2. The Good for Nothing Spider
Norman Platnick and Antonio Brescovit are credited with discovering the losdolobus spider in Argentina back in 1994. In their quest to discover the six-eyed little critter they enlisted the help of two locals named Pablo Goloboff and Martín Ramírez. They asked the men to suggest a name and their suggestion was losdolobus. By one translation that means “the orsolobid of the two guys.” Said another way, “spider of the two guys.” But that’s not the only acceptable translation.

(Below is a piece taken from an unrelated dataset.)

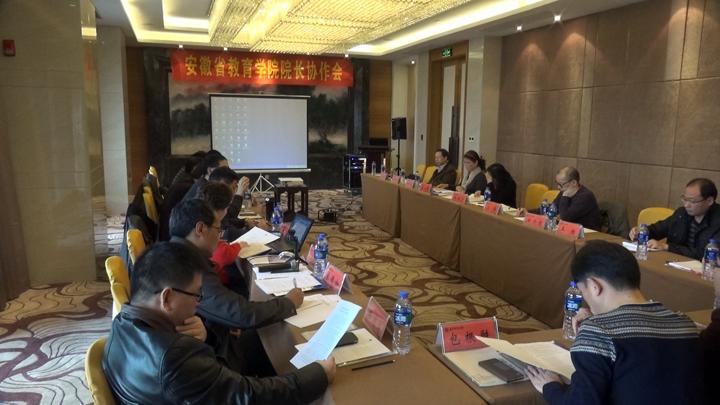 本网讯(教科院 张亦驰、吴支奎、李卯)近日,安徽省高校首届教育学院(系)负责人协作会议在我院隆重举行。来自淮北师范大学、安庆师范学院、阜阳师范学院、合肥师范学院、淮南师范学院、合肥学院、滁州学院、巢湖学院、黄山学院、池州学院、蚌埠学院、亳州高等师范专科学院等高校的教育学院(系)院长(主任)等20余人出席了会议。会议由副院长桑青松教授主持。

Using some local Argentine slang called “averse,” which uses anagrams, the name also translates to “los boludos,” which essentially means “the good-for-nothings” or “the morons.” Both translations are reasonable, though, including the legitimate one which describes it as a real kind of spider, so this one at least skirts under the radar as still being usable.
1. The F-Bomb Beetle
The tiny Corylophidae beetle looks a bit like a tick and there are 120 species of the little guys. In 1985, James Pakulak named the one he discovered the foadia pakulak after himself and… well, something else. The popular story among bug enthusiasts, if there is such a thing about how beetles are named, is that Pakulak specifically chose the acronym “foad” for the creature’s name.
If you’re not familiar, “foad” has been in the lexicon for years. Kid Rock even has a song called “FOAD.” It means “F*** Off and Die.” Why would Pakulak name a beetle in such a way? Well, admitting to it would likely cause some serious blowback so the man himself has never spilled the beans.